__Task prompt__:
Using the data below, copy every line that contains the word "effects".

(Stored entries)

*** Begin section ***

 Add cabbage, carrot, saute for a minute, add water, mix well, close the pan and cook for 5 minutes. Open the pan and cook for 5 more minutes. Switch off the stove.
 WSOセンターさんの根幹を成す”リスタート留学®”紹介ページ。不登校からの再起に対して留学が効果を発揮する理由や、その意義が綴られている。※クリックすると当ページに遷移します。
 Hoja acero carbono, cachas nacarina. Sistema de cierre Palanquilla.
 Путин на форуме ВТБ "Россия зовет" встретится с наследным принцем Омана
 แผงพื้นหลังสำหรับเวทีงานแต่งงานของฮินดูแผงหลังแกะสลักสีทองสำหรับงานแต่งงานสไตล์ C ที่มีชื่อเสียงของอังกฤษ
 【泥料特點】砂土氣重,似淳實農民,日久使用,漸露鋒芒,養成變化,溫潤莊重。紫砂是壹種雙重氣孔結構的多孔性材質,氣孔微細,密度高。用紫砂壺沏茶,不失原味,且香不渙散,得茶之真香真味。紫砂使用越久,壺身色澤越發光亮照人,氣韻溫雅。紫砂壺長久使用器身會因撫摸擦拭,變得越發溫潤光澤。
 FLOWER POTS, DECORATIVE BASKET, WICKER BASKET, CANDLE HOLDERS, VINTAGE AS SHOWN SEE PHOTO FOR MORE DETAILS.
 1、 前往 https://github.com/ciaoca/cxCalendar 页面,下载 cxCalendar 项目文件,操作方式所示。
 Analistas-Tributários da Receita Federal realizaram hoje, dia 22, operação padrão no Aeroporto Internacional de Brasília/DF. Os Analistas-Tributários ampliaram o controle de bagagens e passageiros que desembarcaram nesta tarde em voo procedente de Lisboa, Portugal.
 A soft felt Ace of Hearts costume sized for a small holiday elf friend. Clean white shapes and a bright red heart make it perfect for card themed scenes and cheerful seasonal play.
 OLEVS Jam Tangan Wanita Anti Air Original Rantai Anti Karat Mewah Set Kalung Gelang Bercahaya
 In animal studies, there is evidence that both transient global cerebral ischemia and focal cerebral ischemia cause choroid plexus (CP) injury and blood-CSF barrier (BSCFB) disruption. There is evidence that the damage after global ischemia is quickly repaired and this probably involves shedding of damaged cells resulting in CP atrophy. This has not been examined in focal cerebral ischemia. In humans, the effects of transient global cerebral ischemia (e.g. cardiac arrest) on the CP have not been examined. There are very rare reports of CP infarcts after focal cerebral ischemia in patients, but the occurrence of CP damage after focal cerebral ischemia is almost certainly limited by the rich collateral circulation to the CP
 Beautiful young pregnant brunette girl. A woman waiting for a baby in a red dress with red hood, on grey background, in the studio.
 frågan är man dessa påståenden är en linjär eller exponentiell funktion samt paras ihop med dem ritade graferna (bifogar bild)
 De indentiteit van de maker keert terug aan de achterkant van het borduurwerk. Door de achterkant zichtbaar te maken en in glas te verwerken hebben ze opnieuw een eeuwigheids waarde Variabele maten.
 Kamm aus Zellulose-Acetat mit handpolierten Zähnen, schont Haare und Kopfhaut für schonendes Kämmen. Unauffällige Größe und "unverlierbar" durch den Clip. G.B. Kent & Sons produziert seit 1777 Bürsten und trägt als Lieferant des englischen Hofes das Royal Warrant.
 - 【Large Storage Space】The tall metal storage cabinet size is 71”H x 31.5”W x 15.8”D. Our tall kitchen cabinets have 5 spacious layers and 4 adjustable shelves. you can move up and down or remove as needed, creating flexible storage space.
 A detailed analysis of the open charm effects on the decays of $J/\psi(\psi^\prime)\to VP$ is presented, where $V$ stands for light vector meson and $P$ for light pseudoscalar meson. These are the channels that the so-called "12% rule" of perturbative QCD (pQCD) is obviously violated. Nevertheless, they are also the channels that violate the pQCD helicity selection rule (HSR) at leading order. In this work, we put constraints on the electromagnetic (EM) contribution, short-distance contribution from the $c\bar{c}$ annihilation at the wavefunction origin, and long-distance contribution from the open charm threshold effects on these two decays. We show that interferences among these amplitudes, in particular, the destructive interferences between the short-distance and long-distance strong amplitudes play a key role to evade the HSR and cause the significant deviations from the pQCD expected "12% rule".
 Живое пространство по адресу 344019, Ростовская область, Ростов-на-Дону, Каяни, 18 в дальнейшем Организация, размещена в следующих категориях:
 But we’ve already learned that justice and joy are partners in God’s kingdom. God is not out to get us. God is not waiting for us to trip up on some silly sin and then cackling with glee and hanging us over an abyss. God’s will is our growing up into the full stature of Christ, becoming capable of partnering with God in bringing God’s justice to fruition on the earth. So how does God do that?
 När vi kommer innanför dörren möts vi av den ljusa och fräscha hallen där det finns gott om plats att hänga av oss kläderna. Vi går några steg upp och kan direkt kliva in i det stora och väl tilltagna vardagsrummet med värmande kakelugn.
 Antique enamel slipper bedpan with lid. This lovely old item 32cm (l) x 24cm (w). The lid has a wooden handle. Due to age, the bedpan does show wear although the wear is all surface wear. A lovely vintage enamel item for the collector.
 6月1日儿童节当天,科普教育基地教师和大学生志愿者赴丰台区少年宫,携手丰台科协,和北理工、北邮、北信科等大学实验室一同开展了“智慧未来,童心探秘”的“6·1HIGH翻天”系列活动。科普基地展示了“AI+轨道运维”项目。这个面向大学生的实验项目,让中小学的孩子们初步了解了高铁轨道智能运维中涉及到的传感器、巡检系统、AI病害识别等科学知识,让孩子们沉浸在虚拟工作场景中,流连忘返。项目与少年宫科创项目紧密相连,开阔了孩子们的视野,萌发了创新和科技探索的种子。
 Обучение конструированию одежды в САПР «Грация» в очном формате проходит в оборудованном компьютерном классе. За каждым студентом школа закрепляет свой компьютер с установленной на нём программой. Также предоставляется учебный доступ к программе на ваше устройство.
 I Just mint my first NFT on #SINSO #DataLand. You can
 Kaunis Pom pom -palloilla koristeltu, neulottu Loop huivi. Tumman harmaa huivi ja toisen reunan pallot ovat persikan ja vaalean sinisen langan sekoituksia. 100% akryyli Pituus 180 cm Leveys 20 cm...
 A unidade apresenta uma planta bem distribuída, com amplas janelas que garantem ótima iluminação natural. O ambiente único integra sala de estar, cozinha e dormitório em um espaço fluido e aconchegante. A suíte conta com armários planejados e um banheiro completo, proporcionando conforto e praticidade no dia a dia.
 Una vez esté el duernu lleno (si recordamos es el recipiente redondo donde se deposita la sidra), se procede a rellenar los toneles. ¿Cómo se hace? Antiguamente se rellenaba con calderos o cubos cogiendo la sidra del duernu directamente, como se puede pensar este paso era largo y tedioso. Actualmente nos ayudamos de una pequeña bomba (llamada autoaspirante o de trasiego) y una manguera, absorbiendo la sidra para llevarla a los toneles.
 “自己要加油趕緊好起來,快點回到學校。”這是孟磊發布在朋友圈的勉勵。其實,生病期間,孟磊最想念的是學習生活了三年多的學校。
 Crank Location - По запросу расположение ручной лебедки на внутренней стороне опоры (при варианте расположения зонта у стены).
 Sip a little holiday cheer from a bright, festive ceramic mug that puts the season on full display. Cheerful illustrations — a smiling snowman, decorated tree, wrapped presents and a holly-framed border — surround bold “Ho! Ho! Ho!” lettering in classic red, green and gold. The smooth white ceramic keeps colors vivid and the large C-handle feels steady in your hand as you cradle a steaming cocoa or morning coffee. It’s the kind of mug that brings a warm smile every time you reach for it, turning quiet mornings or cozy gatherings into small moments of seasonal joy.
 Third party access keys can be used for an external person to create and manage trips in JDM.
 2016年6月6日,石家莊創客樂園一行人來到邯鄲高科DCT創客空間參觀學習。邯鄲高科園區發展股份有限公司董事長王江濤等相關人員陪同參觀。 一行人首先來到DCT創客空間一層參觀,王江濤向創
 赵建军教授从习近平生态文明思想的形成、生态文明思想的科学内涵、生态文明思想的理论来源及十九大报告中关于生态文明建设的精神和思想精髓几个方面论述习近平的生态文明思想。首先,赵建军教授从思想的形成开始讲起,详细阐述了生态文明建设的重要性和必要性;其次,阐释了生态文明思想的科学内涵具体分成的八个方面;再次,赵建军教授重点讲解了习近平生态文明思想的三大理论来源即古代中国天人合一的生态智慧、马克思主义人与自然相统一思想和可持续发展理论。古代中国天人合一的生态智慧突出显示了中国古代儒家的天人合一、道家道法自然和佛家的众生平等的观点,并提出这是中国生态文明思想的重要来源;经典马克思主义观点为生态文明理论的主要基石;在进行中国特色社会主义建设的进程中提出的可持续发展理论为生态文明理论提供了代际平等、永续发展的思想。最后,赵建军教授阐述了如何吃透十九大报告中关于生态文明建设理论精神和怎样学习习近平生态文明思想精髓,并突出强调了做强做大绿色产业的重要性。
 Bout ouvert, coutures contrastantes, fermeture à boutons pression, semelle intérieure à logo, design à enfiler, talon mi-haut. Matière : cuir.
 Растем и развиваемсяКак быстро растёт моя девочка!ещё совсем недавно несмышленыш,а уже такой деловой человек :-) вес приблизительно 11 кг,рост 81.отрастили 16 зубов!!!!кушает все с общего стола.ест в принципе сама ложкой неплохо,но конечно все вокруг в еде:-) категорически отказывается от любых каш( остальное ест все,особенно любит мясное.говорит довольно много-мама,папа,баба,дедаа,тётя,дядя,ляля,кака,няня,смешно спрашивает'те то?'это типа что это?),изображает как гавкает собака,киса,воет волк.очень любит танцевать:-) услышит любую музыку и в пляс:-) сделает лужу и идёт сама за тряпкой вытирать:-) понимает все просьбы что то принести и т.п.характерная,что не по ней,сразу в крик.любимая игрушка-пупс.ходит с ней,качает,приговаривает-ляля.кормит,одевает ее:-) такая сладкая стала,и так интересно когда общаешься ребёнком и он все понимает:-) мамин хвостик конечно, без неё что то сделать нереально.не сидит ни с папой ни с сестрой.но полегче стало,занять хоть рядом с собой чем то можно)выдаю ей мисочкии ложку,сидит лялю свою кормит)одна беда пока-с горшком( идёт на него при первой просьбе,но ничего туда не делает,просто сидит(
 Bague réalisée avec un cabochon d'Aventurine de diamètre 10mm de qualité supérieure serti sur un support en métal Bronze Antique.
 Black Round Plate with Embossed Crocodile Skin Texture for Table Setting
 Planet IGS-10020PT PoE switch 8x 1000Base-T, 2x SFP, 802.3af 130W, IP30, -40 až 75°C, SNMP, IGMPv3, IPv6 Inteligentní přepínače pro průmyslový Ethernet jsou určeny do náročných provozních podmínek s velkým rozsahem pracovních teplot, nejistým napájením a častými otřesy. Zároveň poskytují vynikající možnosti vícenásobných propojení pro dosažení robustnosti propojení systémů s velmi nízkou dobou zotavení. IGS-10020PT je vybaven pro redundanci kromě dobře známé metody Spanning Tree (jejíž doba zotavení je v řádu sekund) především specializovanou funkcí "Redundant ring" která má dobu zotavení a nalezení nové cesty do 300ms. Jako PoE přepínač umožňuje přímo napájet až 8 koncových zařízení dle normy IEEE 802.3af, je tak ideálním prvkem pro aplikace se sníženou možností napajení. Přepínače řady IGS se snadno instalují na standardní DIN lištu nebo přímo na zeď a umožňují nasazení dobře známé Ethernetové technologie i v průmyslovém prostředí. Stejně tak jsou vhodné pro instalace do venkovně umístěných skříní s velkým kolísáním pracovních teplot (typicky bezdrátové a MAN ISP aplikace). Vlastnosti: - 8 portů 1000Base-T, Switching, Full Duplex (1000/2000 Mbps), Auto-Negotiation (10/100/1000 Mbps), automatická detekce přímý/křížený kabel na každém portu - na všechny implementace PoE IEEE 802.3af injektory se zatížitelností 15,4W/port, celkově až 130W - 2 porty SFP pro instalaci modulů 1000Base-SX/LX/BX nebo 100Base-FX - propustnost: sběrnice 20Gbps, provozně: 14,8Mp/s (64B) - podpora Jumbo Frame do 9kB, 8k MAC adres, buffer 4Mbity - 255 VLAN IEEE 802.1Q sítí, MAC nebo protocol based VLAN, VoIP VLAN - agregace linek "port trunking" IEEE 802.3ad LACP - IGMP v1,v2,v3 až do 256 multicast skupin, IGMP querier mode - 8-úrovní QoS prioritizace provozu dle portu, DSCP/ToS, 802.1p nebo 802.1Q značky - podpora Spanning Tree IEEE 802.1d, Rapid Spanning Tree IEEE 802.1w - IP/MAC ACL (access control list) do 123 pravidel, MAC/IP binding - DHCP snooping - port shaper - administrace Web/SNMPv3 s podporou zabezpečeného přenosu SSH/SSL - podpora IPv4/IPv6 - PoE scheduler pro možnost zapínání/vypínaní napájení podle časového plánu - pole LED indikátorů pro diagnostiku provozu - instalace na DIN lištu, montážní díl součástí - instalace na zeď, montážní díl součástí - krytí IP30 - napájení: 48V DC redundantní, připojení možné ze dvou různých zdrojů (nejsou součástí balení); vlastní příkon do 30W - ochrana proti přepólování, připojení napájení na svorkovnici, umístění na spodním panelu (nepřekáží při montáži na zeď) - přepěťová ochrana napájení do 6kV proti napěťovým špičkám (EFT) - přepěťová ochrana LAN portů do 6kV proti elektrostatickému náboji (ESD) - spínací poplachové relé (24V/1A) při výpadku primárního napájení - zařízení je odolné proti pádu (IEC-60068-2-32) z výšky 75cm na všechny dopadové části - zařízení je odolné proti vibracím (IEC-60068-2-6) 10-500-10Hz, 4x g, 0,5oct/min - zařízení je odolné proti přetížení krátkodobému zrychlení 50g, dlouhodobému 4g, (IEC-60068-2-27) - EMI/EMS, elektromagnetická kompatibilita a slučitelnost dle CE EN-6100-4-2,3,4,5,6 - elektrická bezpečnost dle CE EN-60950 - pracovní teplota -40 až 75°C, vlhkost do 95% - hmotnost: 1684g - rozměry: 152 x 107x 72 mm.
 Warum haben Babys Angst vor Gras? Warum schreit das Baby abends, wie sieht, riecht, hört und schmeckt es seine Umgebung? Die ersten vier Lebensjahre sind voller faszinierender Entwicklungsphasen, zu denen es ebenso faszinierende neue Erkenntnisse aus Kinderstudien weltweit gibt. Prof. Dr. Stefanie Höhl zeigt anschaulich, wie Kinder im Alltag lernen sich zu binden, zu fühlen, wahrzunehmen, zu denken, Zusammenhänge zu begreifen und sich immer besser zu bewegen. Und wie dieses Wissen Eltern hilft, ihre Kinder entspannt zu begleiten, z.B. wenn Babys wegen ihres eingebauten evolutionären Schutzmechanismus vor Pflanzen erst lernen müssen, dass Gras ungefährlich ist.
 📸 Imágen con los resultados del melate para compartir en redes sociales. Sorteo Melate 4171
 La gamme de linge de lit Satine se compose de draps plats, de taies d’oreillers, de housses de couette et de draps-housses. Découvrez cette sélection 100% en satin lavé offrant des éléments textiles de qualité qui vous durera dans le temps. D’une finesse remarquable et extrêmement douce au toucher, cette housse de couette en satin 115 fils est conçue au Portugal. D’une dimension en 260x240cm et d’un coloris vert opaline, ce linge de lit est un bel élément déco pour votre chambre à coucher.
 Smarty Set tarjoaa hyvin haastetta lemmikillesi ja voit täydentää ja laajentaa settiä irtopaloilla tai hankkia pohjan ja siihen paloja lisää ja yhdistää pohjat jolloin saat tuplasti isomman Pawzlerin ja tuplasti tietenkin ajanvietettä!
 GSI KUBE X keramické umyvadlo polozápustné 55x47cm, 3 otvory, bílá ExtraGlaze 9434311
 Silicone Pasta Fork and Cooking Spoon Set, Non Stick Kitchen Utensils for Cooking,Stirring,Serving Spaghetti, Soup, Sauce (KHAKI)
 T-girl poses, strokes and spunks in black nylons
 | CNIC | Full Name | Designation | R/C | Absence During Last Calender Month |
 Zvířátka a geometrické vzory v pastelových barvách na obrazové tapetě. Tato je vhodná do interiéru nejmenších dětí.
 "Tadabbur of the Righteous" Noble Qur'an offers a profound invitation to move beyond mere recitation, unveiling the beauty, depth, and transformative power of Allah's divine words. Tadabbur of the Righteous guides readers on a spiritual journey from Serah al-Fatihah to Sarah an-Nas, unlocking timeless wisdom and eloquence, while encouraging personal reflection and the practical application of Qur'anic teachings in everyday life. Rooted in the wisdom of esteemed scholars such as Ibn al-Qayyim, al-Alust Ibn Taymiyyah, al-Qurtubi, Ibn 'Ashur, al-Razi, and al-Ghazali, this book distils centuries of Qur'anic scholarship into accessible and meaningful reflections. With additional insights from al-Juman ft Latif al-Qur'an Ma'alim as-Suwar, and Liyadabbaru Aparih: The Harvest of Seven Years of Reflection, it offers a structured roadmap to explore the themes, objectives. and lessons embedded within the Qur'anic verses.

*** End section ***

__Response to the task__:
 In animal studies, there is evidence that both transient global cerebral ischemia and focal cerebral ischemia cause choroid plexus (CP) injury and blood-CSF barrier (BSCFB) disruption. There is evidence that the damage after global ischemia is quickly repaired and this probably involves shedding of damaged cells resulting in CP atrophy. This has not been examined in focal cerebral ischemia. In humans, the effects of transient global cerebral ischemia (e.g. cardiac arrest) on the CP have not been examined. There are very rare reports of CP infarcts after focal cerebral ischemia in patients, but the occurrence of CP damage after focal cerebral ischemia is almost certainly limited by the rich collateral circulation to the CP
 A detailed analysis of the open charm effects on the decays of $J/\psi(\psi^\prime)\to VP$ is presented, where $V$ stands for light vector meson and $P$ for light pseudoscalar meson. These are the channels that the so-called "12% rule" of perturbative QCD (pQCD) is obviously violated. Nevertheless, they are also the channels that violate the pQCD helicity selection rule (HSR) at leading order. In this work, we put constraints on the electromagnetic (EM) contribution, short-distance contribution from the $c\bar{c}$ annihilation at the wavefunction origin, and long-distance contribution from the open charm threshold effects on these two decays. We show that interferences among these amplitudes, in particular, the destructive interferences between the short-distance and long-distance strong amplitudes play a key role to evade the HSR and cause the significant deviations from the pQCD expected "12% rule".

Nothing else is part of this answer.